§ INSTRUCTIONS TO FOLLOW
All the lines below need to be output exactly, apart from any images.
(DATA FOR PROCESSING begins)
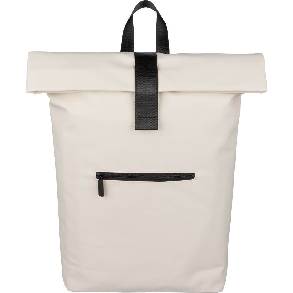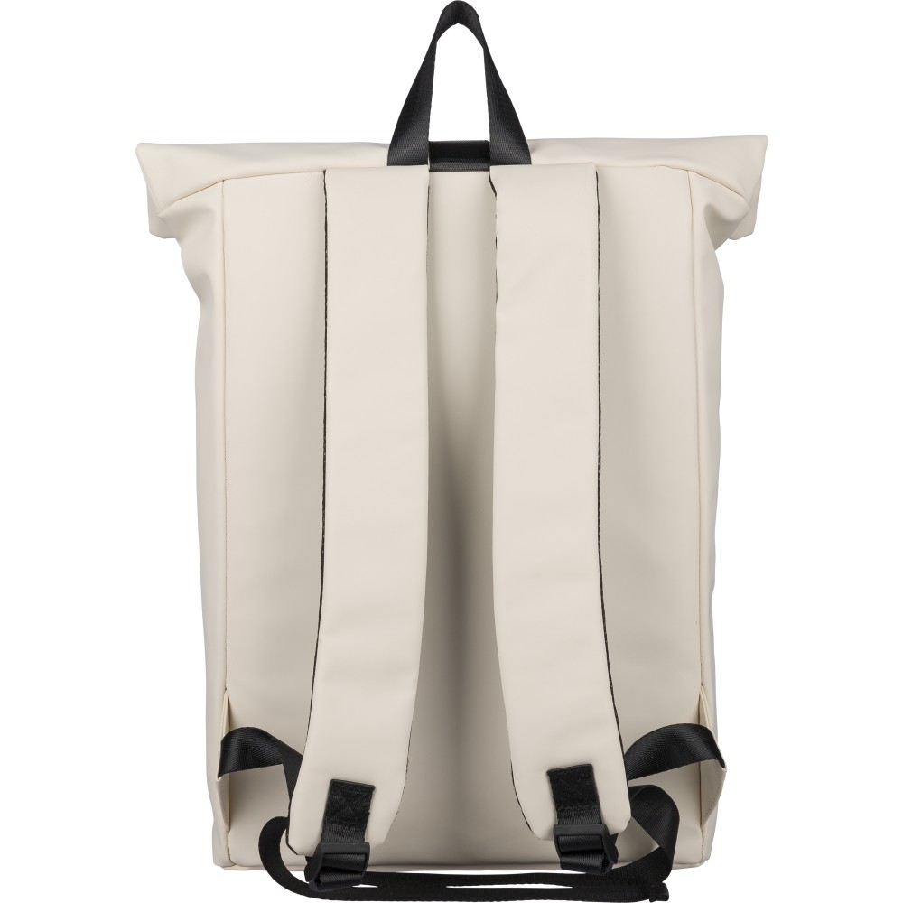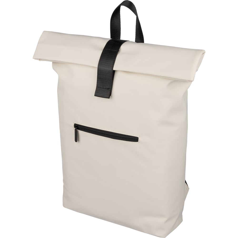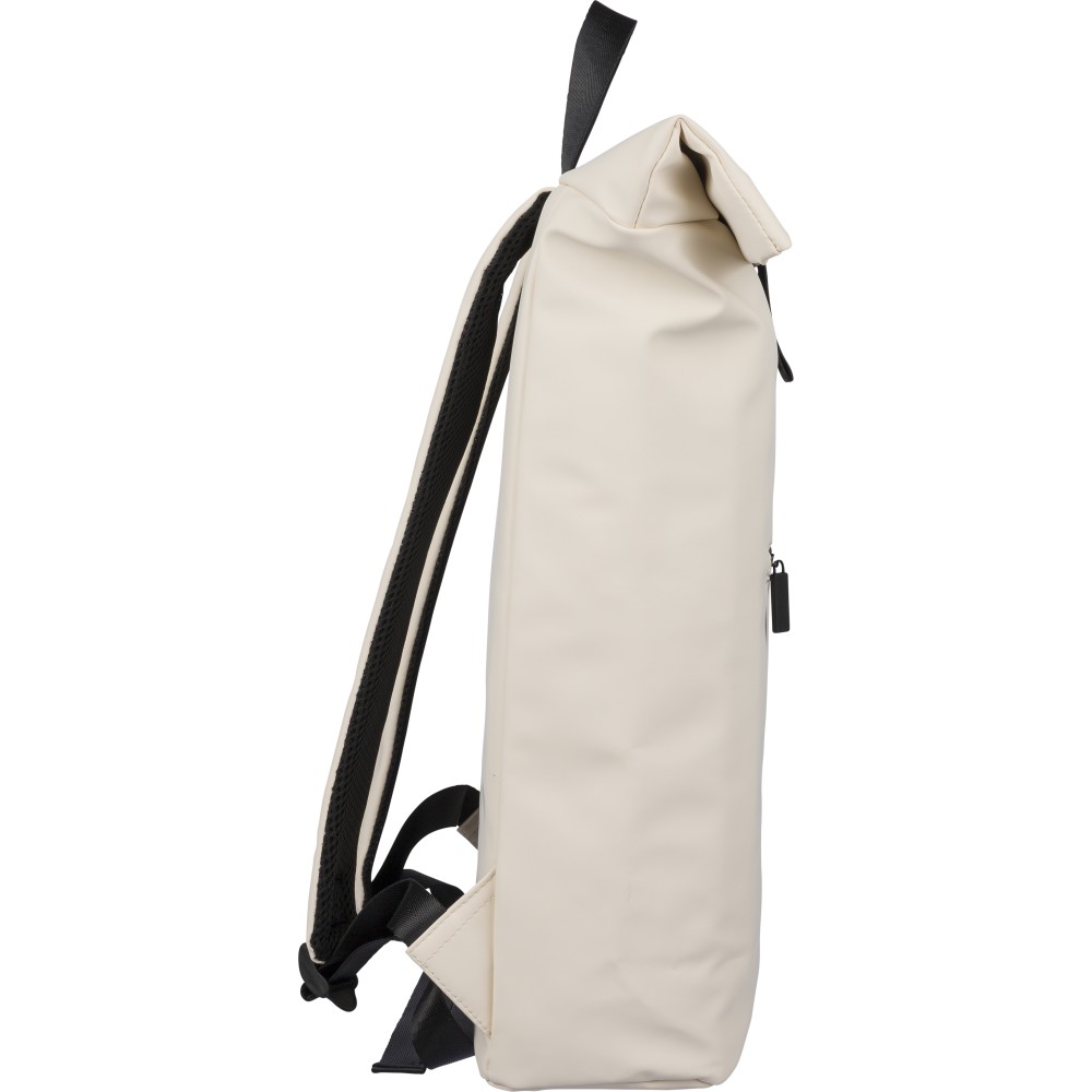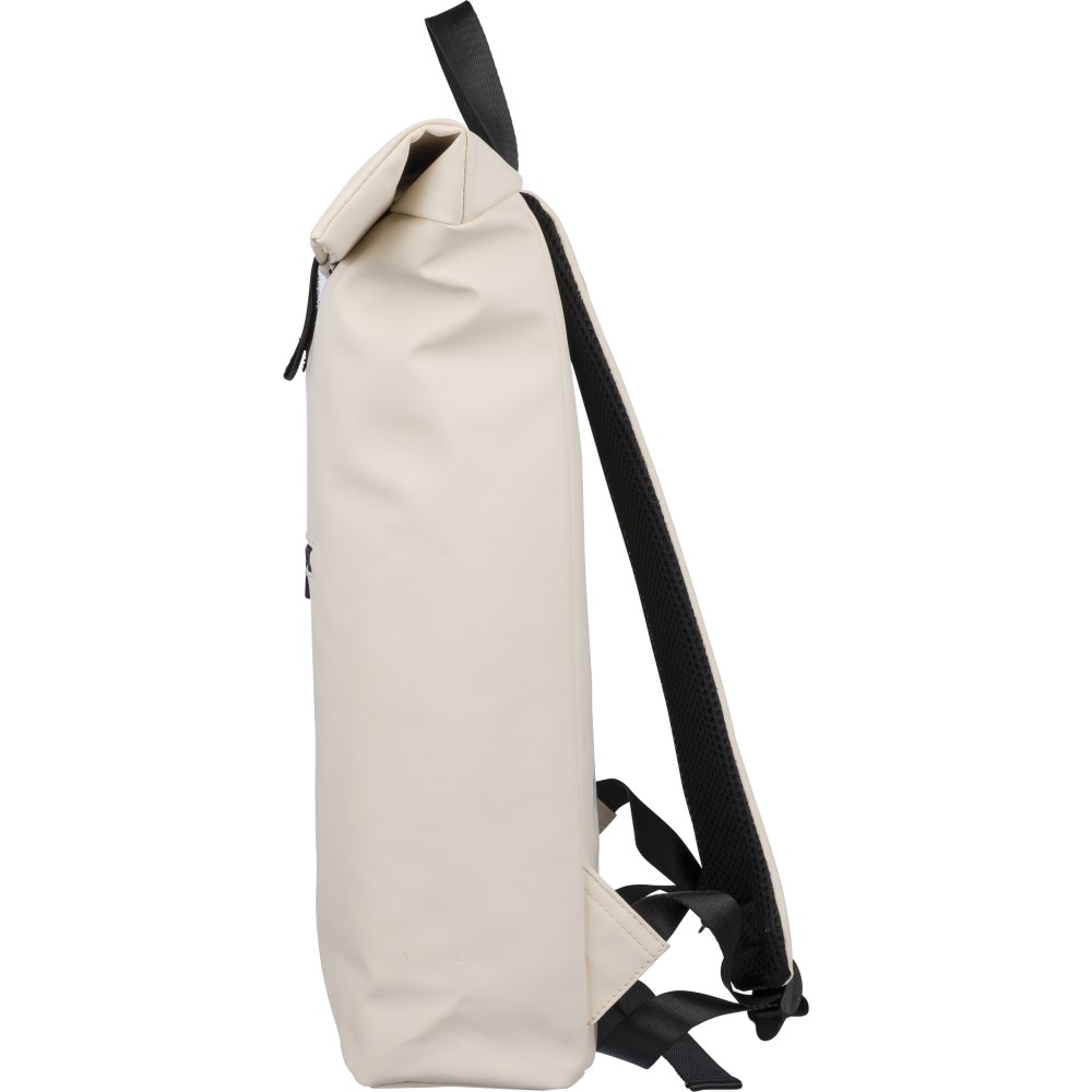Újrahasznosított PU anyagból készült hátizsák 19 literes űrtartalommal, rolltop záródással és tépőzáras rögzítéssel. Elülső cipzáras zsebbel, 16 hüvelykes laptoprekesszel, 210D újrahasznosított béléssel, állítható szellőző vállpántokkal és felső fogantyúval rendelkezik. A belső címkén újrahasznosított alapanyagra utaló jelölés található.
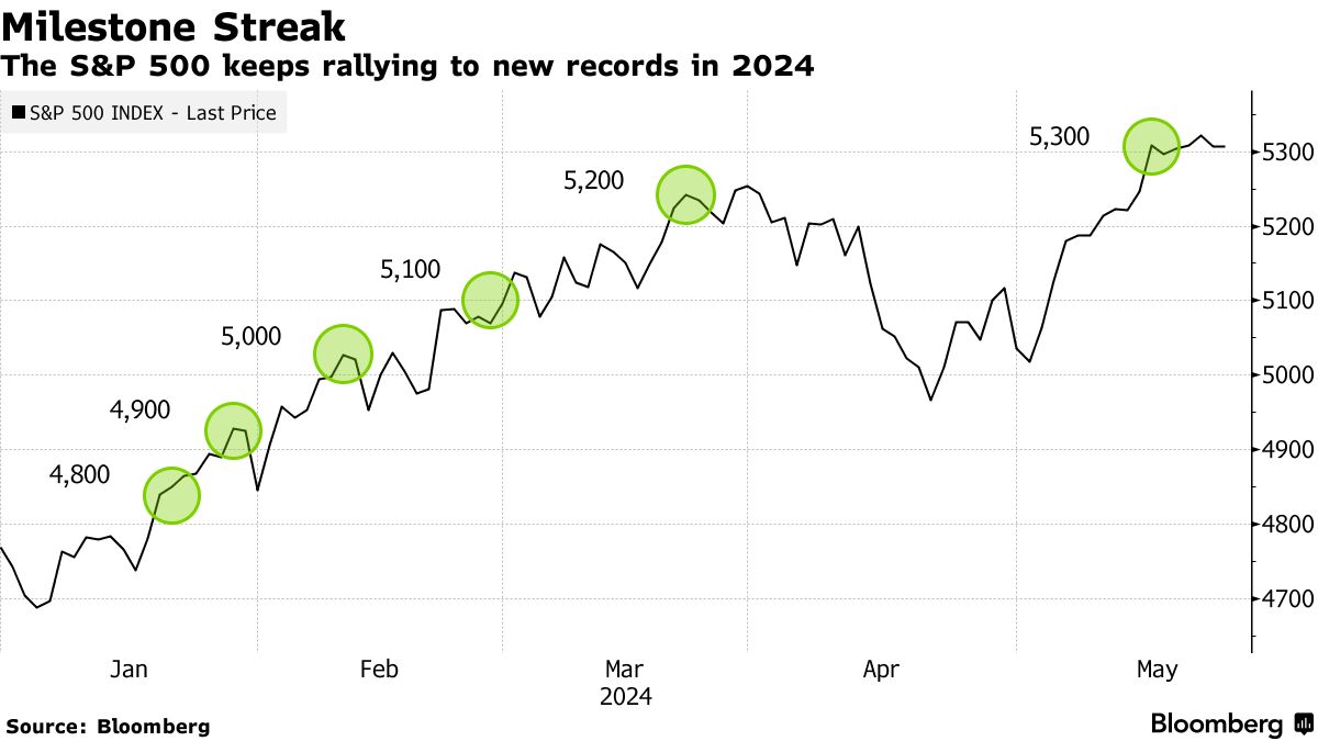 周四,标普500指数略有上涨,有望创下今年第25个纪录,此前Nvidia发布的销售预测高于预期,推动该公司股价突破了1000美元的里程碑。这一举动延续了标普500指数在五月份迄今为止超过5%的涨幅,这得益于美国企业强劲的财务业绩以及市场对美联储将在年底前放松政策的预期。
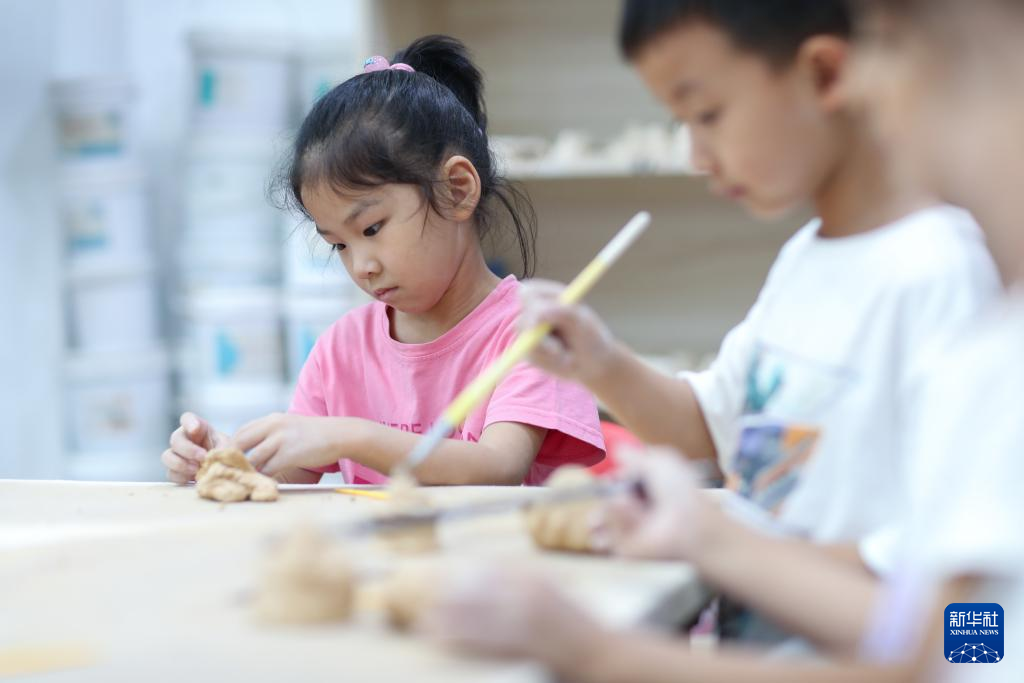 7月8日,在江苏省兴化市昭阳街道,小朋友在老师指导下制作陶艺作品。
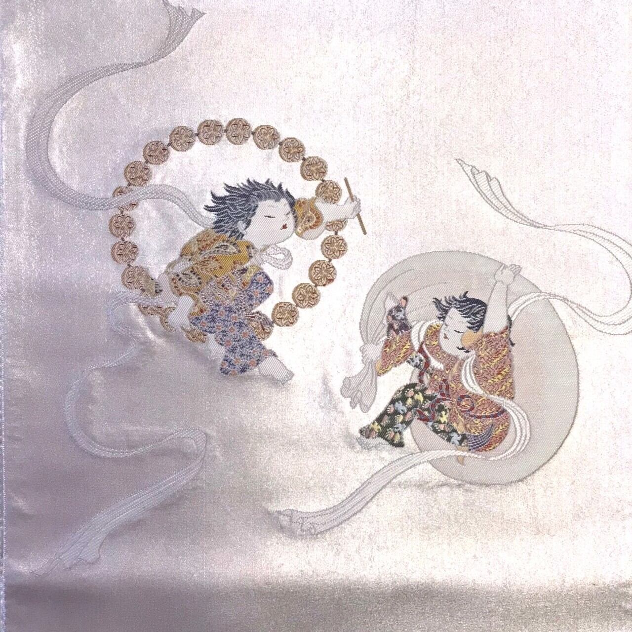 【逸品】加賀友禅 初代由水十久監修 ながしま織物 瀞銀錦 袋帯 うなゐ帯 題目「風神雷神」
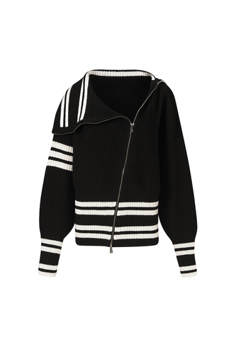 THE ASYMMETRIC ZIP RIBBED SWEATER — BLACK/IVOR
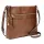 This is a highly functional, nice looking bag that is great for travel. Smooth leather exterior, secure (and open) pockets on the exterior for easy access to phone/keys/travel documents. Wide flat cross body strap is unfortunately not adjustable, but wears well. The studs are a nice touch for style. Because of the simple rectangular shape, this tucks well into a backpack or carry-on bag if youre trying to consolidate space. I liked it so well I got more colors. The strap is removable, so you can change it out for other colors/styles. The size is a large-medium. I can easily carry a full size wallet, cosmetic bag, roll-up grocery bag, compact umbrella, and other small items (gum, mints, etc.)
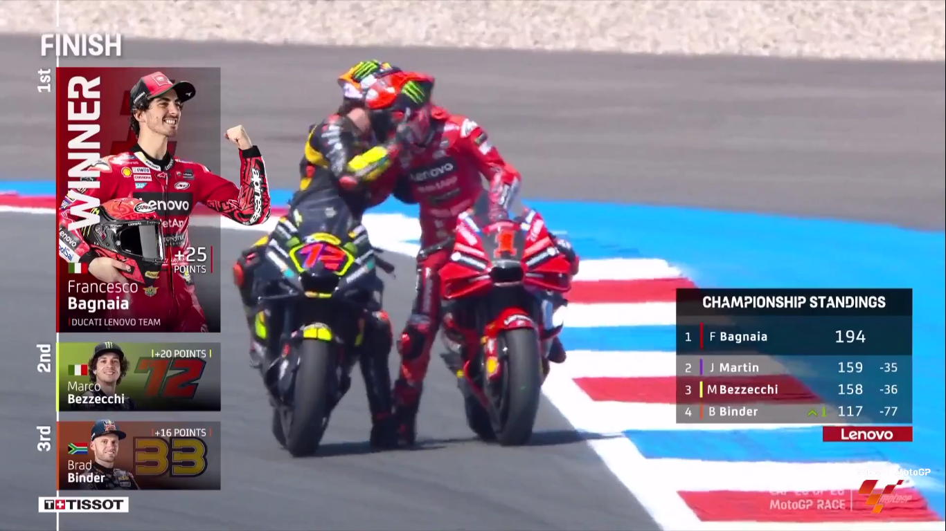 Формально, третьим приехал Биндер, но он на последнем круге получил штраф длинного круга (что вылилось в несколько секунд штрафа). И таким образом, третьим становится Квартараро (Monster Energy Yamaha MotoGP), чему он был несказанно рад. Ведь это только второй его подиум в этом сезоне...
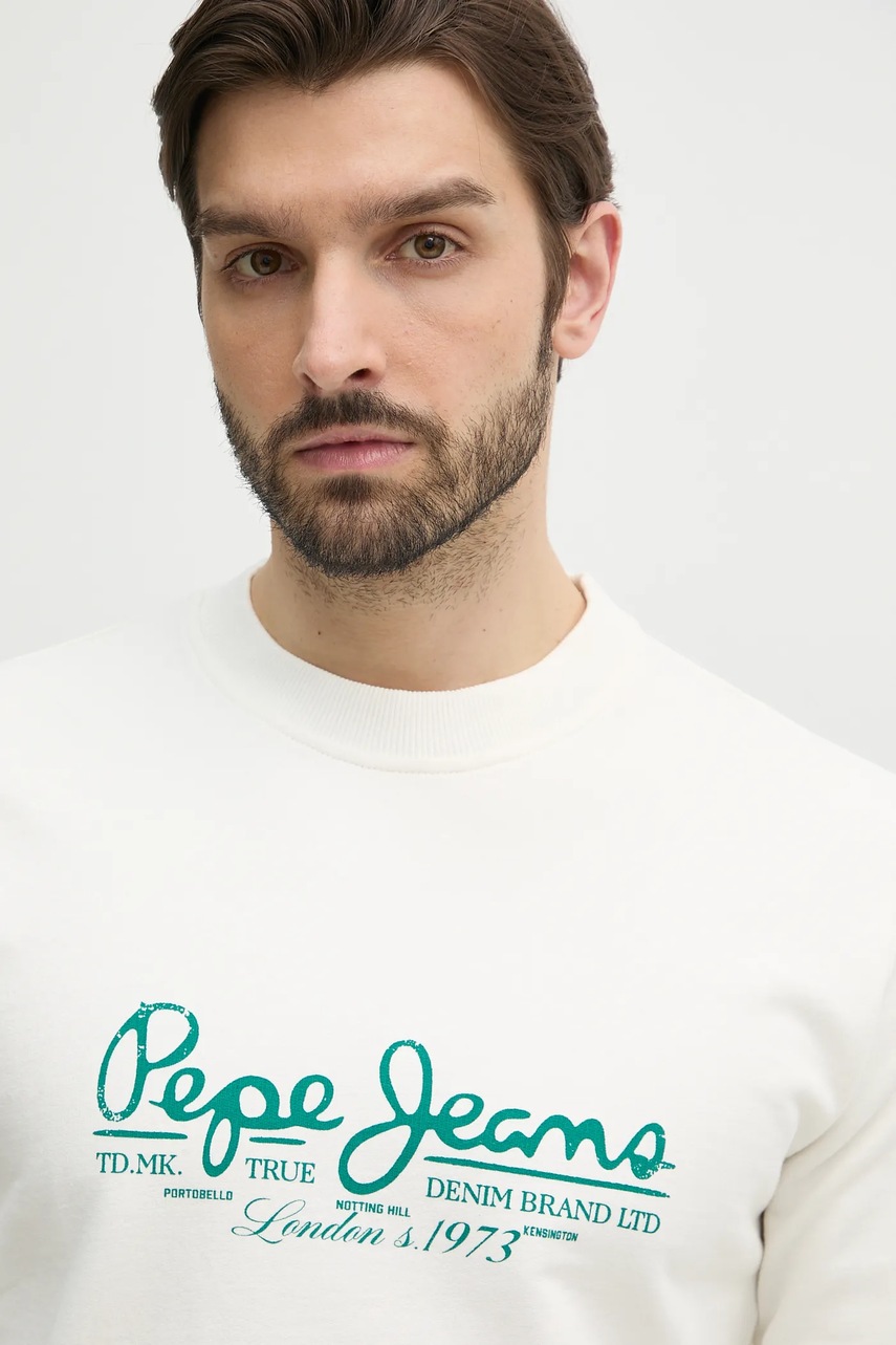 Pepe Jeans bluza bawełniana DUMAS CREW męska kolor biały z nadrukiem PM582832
(DATA FOR PROCESSING ends)
§ RESULT FOR THIS EXERCISE
Újrahasznosított PU anyagból készült hátizsák 19 literes űrtartalommal, rolltop záródással és tépőzáras rögzítéssel. Elülső cipzáras zsebbel, 16 hüvelykes laptoprekesszel, 210D újrahasznosított béléssel, állítható szellőző vállpántokkal és felső fogantyúval rendelkezik. A belső címkén újrahasznosított alapanyagra utaló jelölés található.
 周四,标普500指数略有上涨,有望创下今年第25个纪录,此前Nvidia发布的销售预测高于预期,推动该公司股价突破了1000美元的里程碑。这一举动延续了标普500指数在五月份迄今为止超过5%的涨幅,这得益于美国企业强劲的财务业绩以及市场对美联储将在年底前放松政策的预期。
 7月8日,在江苏省兴化市昭阳街道,小朋友在老师指导下制作陶艺作品。
 【逸品】加賀友禅 初代由水十久監修 ながしま織物 瀞銀錦 袋帯 うなゐ帯 題目「風神雷神」
 THE ASYMMETRIC ZIP RIBBED SWEATER — BLACK/IVOR
 This is a highly functional, nice looking bag that is great for travel. Smooth leather exterior, secure (and open) pockets on the exterior for easy access to phone/keys/travel documents. Wide flat cross body strap is unfortunately not adjustable, but wears well. The studs are a nice touch for style. Because of the simple rectangular shape, this tucks well into a backpack or carry-on bag if youre trying to consolidate space. I liked it so well I got more colors. The strap is removable, so you can change it out for other colors/styles. The size is a large-medium. I can easily carry a full size wallet, cosmetic bag, roll-up grocery bag, compact umbrella, and other small items (gum, mints, etc.)
 Формально, третьим приехал Биндер, но он на последнем круге получил штраф длинного круга (что вылилось в несколько секунд штрафа). И таким образом, третьим становится Квартараро (Monster Energy Yamaha MotoGP), чему он был несказанно рад. Ведь это только второй его подиум в этом сезоне...
 Pepe Jeans bluza bawełniana DUMAS CREW męska kolor biały z nadrukiem PM582832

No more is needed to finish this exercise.